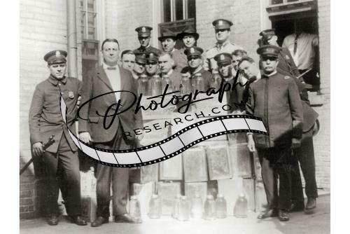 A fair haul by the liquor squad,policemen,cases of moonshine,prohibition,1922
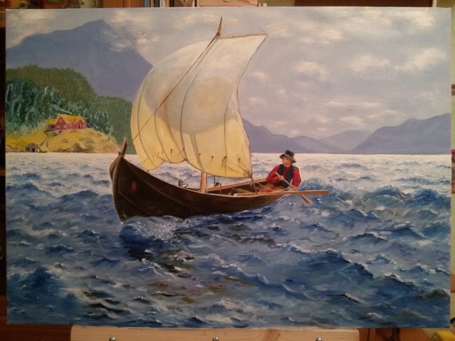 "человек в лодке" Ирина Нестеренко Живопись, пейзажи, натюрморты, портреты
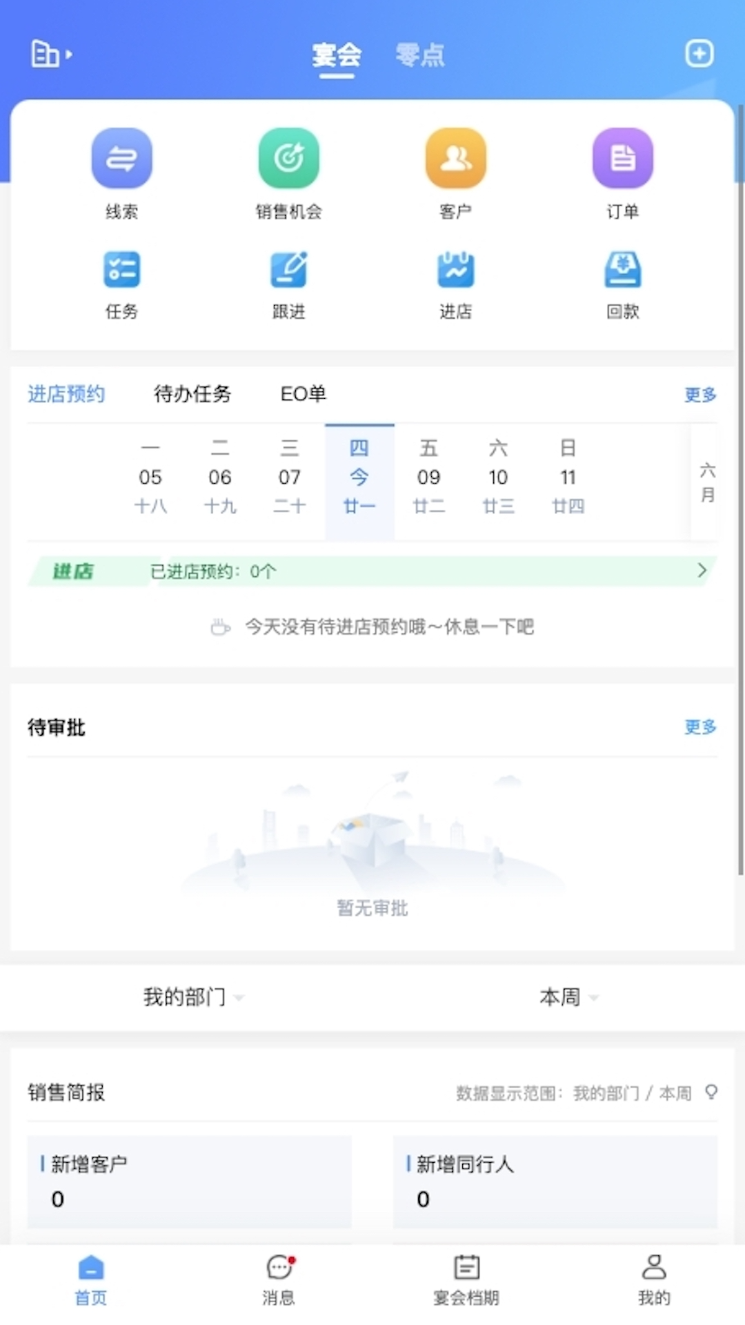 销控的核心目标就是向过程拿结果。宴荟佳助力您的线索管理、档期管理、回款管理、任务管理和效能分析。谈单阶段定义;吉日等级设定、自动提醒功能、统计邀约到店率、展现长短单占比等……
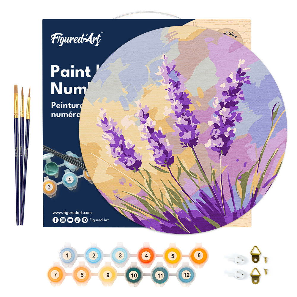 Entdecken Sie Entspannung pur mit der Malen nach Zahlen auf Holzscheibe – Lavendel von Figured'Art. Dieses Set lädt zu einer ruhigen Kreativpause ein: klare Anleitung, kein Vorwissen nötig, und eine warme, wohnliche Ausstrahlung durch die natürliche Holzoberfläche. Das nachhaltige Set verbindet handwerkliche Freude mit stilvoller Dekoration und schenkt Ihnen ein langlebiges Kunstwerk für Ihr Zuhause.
==
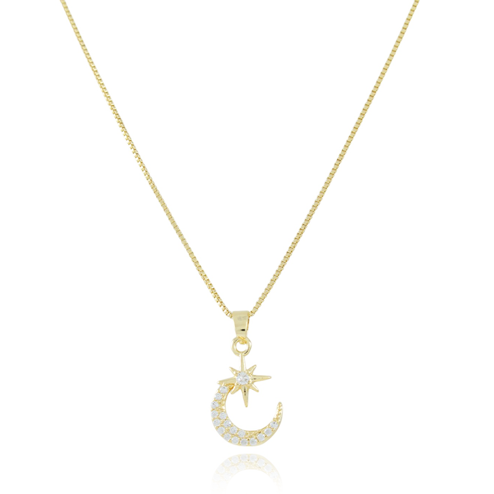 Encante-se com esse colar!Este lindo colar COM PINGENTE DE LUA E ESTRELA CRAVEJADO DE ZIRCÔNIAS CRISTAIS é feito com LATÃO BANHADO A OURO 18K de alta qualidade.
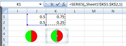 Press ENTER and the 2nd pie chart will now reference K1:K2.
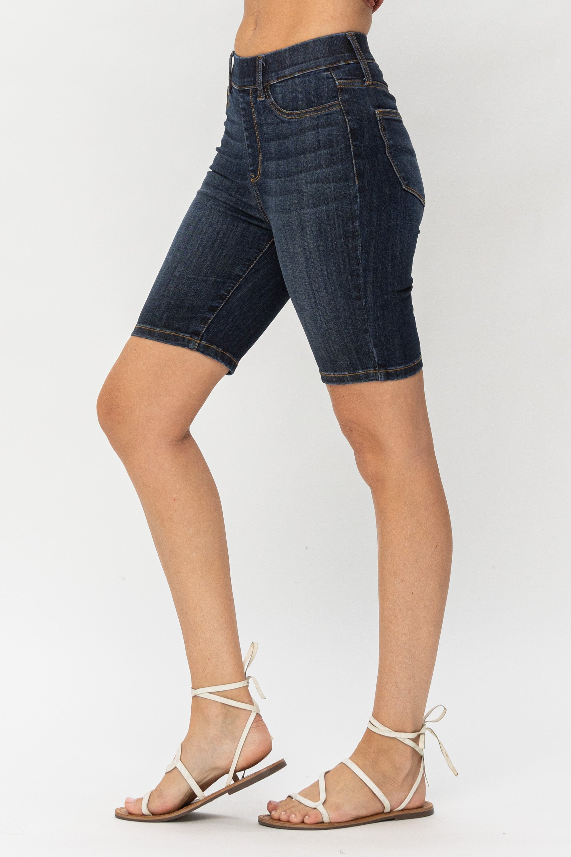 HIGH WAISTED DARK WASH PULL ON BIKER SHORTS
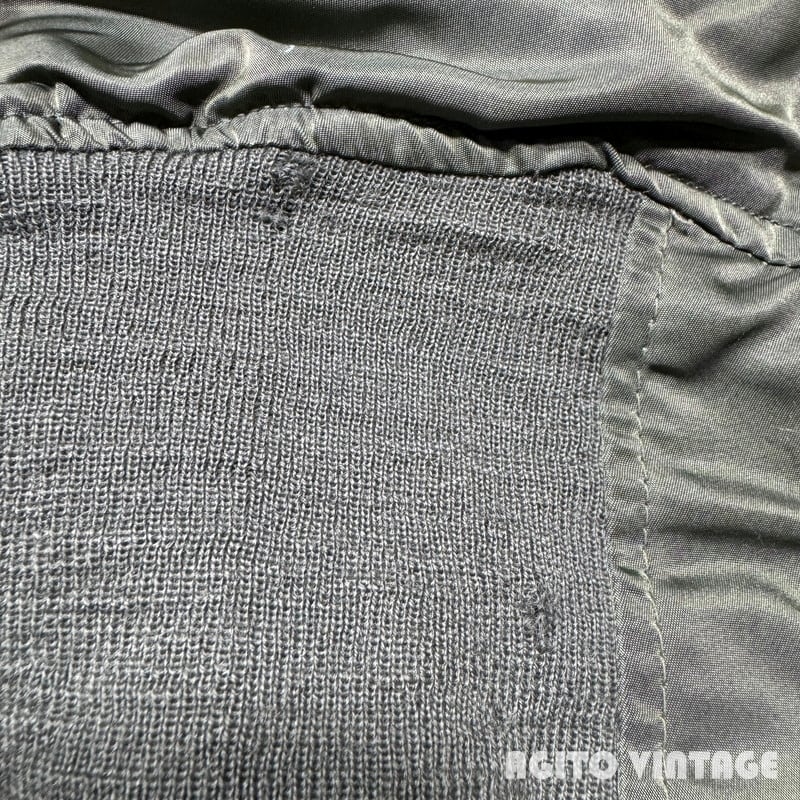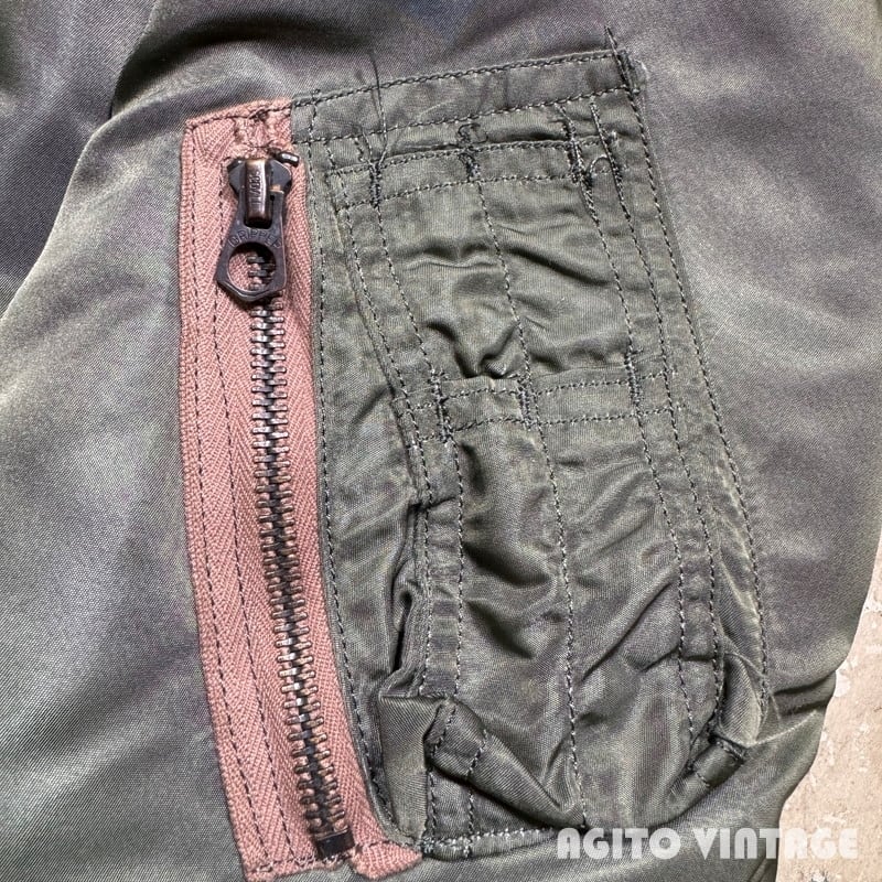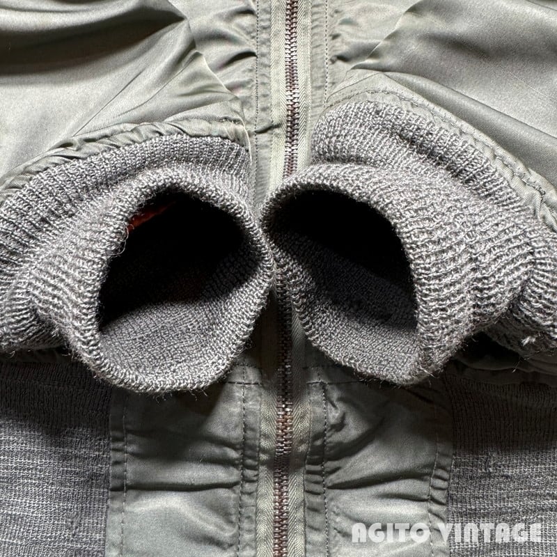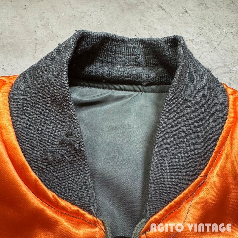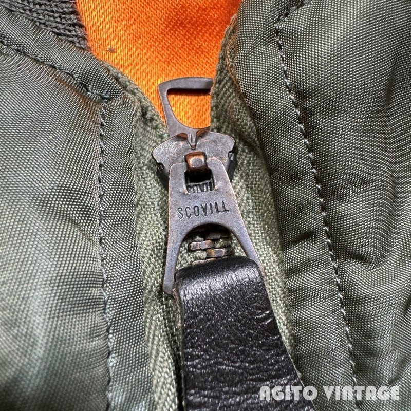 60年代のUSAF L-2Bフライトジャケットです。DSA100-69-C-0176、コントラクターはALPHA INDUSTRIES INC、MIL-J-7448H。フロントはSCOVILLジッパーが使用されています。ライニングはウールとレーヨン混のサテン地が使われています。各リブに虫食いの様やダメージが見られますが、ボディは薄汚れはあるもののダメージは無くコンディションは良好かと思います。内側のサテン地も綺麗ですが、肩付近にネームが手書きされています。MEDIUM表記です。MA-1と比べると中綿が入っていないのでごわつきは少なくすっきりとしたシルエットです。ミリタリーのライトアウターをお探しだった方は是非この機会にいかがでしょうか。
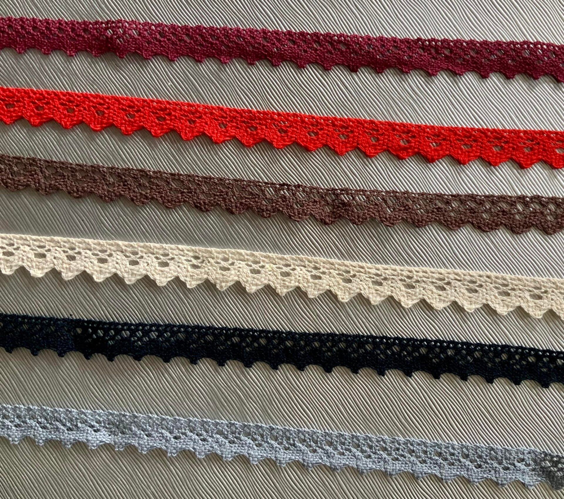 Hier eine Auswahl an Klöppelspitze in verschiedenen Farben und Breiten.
* * *
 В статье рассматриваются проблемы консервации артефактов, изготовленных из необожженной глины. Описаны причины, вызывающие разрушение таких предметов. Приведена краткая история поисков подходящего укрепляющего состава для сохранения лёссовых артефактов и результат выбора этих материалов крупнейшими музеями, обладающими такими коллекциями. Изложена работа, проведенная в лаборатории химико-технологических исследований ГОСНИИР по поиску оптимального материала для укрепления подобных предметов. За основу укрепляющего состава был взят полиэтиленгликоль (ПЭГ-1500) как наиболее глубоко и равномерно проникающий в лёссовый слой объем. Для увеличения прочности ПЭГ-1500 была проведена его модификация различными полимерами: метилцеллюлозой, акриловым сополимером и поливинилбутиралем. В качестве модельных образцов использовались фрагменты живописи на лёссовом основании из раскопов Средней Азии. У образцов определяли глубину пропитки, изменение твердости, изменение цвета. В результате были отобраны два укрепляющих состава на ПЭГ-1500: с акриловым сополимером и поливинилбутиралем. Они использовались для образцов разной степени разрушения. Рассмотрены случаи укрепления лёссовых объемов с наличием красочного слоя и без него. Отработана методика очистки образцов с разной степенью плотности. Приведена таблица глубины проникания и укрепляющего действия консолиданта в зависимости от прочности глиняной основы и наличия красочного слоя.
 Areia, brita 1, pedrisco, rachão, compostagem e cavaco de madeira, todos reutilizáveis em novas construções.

Work instruction =
Copy nothing but the lines above from the one with "A fair haul" to the one with "销控的核心目标就是向过程拿结", inclusive, word for word. Leave every picture out.

Written solution =
 A fair haul by the liquor squad,policemen,cases of moonshine,prohibition,1922
 "человек в лодке" Ирина Нестеренко Живопись, пейзажи, натюрморты, портреты
 销控的核心目标就是向过程拿结果。宴荟佳助力您的线索管理、档期管理、回款管理、任务管理和效能分析。谈单阶段定义;吉日等级设定、自动提醒功能、统计邀约到店率、展现长短单占比等……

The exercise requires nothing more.